Zusammenfassung (Englisch)

Until today, Aspartoacylase (Aspa) has been known to be expressed in the brain to degrade N-acetylaspartate (NAA) into acetate and L-aspartate. NAA is synthesized by N-acetyltransferase-8-like (Nat8L). The function of Aspa in the brain is well described because its dysfunction causes Canavan disease. This data, the high expression of Aspa in adipose tissues, and the induction of Aspa in Nat8L overexpressing iBACs prompted us to investigate the functions of Aspa in brown fat cells. In vitro models with Aspa overexpressing cells were generated to study the regulation of marker genes and further analysis on the lipid metabolism was performed. No significant changes could be shown; however there was a trend to increased expression of brown fat marker genes in Aspa overexpressing cells. As the substrate for the enzymatic activity of Aspa might be a limited component NAA was added to the media of these cells. The availability of NAA accomplished an increase of FFA secretion into the media of Aspa o/e cells.
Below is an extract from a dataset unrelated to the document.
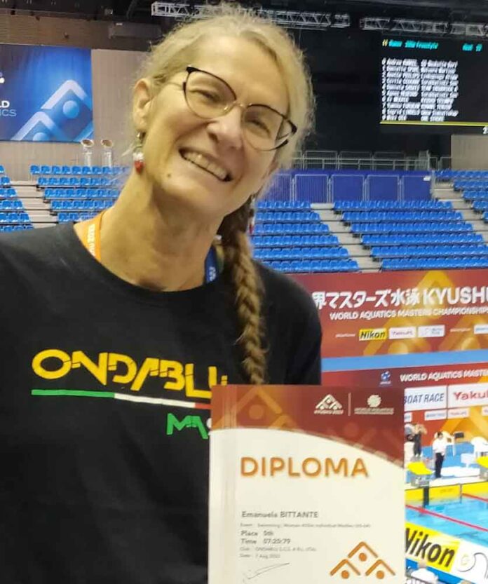 Nelle stesse vasche ove hanno nuotato qualche settimana prima gli atleti delle nazionali assoluti, Emanuela Bittante e Marta Chenet, entrambe della categoria M60 si sono ben distaccate durante la settimana giapponese. Emanuela Bittante ha calato il tris giungendo in tutte e tre le gare a cui ha partecipato tra le prime 10 e conseguendo l’attestato che viene dato a chi arriva dal quarto al decimo posto: 5a nei 400 misti, 7a nei 100 rana e quest’oggi 8a nei 50 rana. Emanuela si conferma atleta di valore non avendo mai mancato ad un appuntamento iridato dal 2000. Marta Chenet ha esordito a livello internazionale con grosse soddisfazioni: 47a nei 200 stile, 105a nei 50 stile e 72a nei 50 rana. Felice per il risultato delle sue atlete l’allenatrice Mara Grelloni, i compagni di squadra masters e tutta la società Ondablu presieduta da Angelo Paganin.

Brown marker genes have increased expression levels with 2.5 and 5 mmol NAA on each day of differentiation. According to bioinformatical analysis, Aspa might be a PPAR target gene. Thus, the gene regulation of Aspa was investigated with Luciferase assays. A tendency for the affinity of PPAR? to the Aspa promoter sequence could be seen. In brain and kidney, Aspa is present in the cytosol, but the location in adipocytes is not known yet. Protein analysis with cell fractioning samples showed a presence of Aspa in the cytosol that corresponds to the literature. Finally, we investigated the mRNA expression of Aspa under different conditions in mouse tissues. A feeding-fasting regulation in brain and WAT could be seen. The Aspa expression levels in WAT decreased during fasting whereas in the brain the expression level increased during fasting. Aspa might be an interesting target to devise pharmacological treatments that favor one over the other pathways to combat obesity.